Por outro lado, no processo de migração, os autores
falam também em fatores de atração. Um dos mais batidos são as
luzes, atrativos e oportunidades proporcionadas de modo particular pelo
universo urbano. O termo ‘luzes’, neste caso, poderia servir de metáfora para
os direitos humanos mais elementares : acesso mais fácil ao trabalho, à
moradia, à escola, aos serviços de saúde, transportes, e assim por diante. Em
outras palavras, os ‘fatores de atração’ pressupõem, em geral, os ‘fatores de
expulsão’. A carência extrema alimenta o sonho de vida melhor, impondo a
necessidade de migrar. O que significa que ‘fatores de expulsão’ e ‘fatores de
atração’ comportam duas faces da mesma moeda.
O fenômeno migratório, cada vez mais intenso,
diversificado e complexo inclui, via de regra, três aspectos : polo de origem,
polo de destino e lugares de passagem. Alguns países são predominantemente
pontos de saída, outros de chegada e outros ainda de trânsito. Mas não é
incomum que algumas nações reúnam, ao mesmo tempo, duas ou três dessas
circunstâncias, tais como Turquia e Grécia, México e Portugal, Espanha e Líbia,
para citar casos específicos. O certo é que origem, destino e trânsito, apesar
de existirem enquanto predominância, se cruzam e se misturam, se interpelam e
se entrelaçam. O que levanta a dificuldade de trabalhar com o esquema estreito
de ‘fatores de expulsão’ e ‘fatores de atração’.

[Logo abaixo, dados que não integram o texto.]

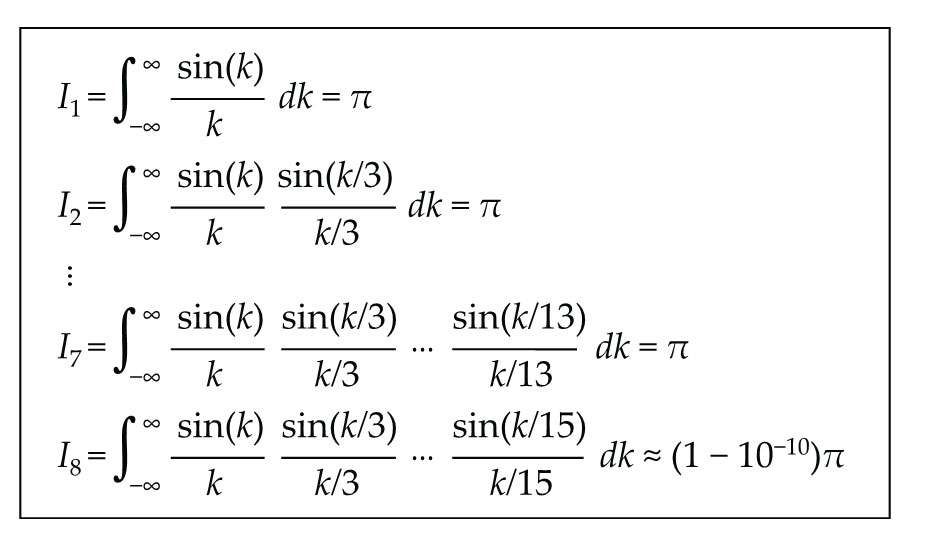 The Borweins found an expression for the first integral that deviates from the pattern in all Borwein integrals. If the first coefficient a1 is larger than the sum a2 + … + aj of all the rest of the coefficients, the integral gives the expected value. In I3, for example, the coefficients are 1, ⅓, and ⅕; 1 > ⅓ + ⅕, and the integral is π, as expected. Once the sum exceeds the first coefficient, the value of the integral changes. For the integrals in figure

Se é certo que os migrantes contemporâneos sabem
evidentemente de onde partiram, poucos sabem onde replantar as próprias raízes.
Tal como nas migrações históricas da Europa para as Américas, os migrantes de
hoje nunca esquecem a terra onde nasceram e criaram raízes. Diferentemente
daqueles, porém, grande parte dos atuais desconhece o lugar de chegada. Batem
de fronteira em fronteira, até encontrarem acolhida. Em outros tempos, o lugar
de origem e o lugar de destino estavam mais ou menos determinados. Não é o que
ocorre atualmente. Aos milhares e milhões, os migrantes passam a errar de um
lugar a outro, como aves de arribação, sem um galho onde repousar. Tudo na ‘aventura’
da migração se tornou mais incerto, mais inseguro e mais inquietante. Em
conclusão, não custa lembrar que o direito de migrar (ir-e-vir) corresponde ao
direito de permanecer em sua pátria. Tudo depende de oferecer a cada cidadão
oportunidades iguais de desenvolvimento. Aqui, se fazem necessárias políticas
públicas estruturais, no sentido de evitar a todo custo a migração forçada.
Então, sim, migrar ou ficar será um direito de todos’.